* Requirement:
Print, exactly as they appear in the listing below, the lines from the line with "(6 พฤษภาคม 2565)" to the line with "A pumpkin is", with both end lines kept.

* Working data:
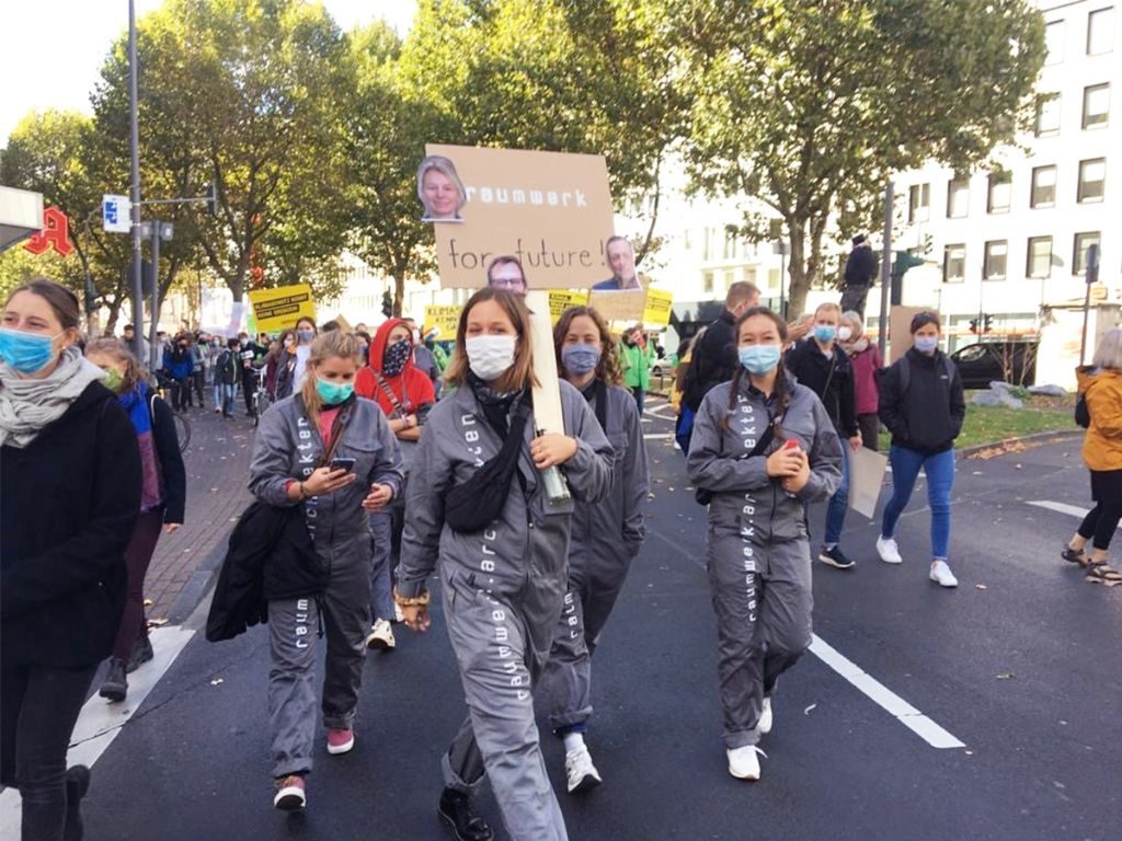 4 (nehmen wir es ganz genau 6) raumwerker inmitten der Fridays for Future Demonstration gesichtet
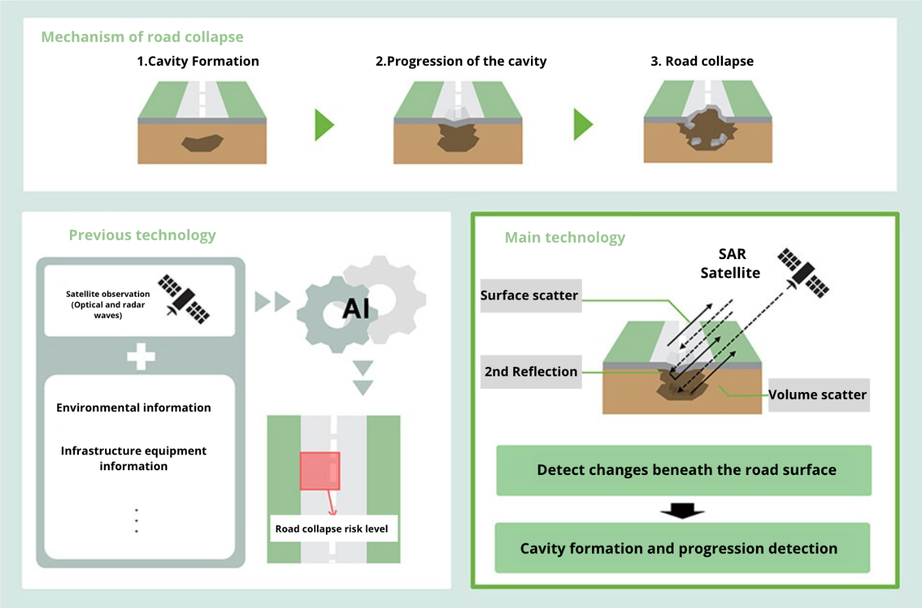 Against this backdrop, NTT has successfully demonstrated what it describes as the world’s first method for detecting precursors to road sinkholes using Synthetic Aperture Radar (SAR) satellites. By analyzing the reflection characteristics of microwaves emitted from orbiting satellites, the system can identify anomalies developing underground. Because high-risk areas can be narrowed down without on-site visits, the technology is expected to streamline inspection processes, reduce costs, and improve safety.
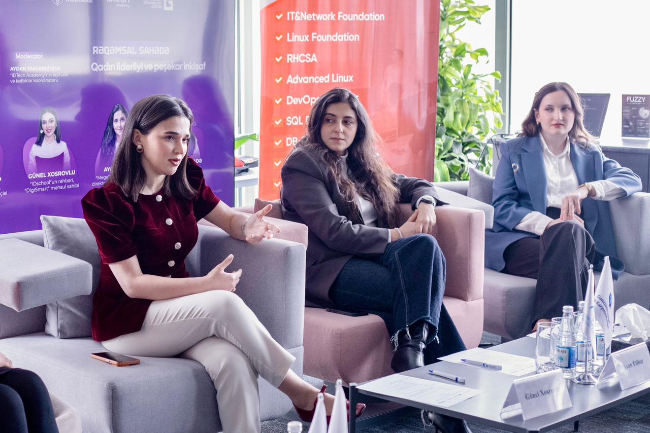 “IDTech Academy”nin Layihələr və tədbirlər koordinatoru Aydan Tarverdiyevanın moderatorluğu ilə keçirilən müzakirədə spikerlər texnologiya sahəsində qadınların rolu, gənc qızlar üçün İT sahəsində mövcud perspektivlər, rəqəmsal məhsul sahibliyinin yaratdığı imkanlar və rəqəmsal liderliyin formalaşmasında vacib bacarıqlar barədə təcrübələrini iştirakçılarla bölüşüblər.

...

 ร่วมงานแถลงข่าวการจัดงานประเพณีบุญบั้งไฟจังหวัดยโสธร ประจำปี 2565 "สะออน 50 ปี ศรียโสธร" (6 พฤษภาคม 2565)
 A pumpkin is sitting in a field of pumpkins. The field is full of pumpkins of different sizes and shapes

* Output below:
 ร่วมงานแถลงข่าวการจัดงานประเพณีบุญบั้งไฟจังหวัดยโสธร ประจำปี 2565 "สะออน 50 ปี ศรียโสธร" (6 พฤษภาคม 2565)
 A pumpkin is sitting in a field of pumpkins. The field is full of pumpkins of different sizes and shapes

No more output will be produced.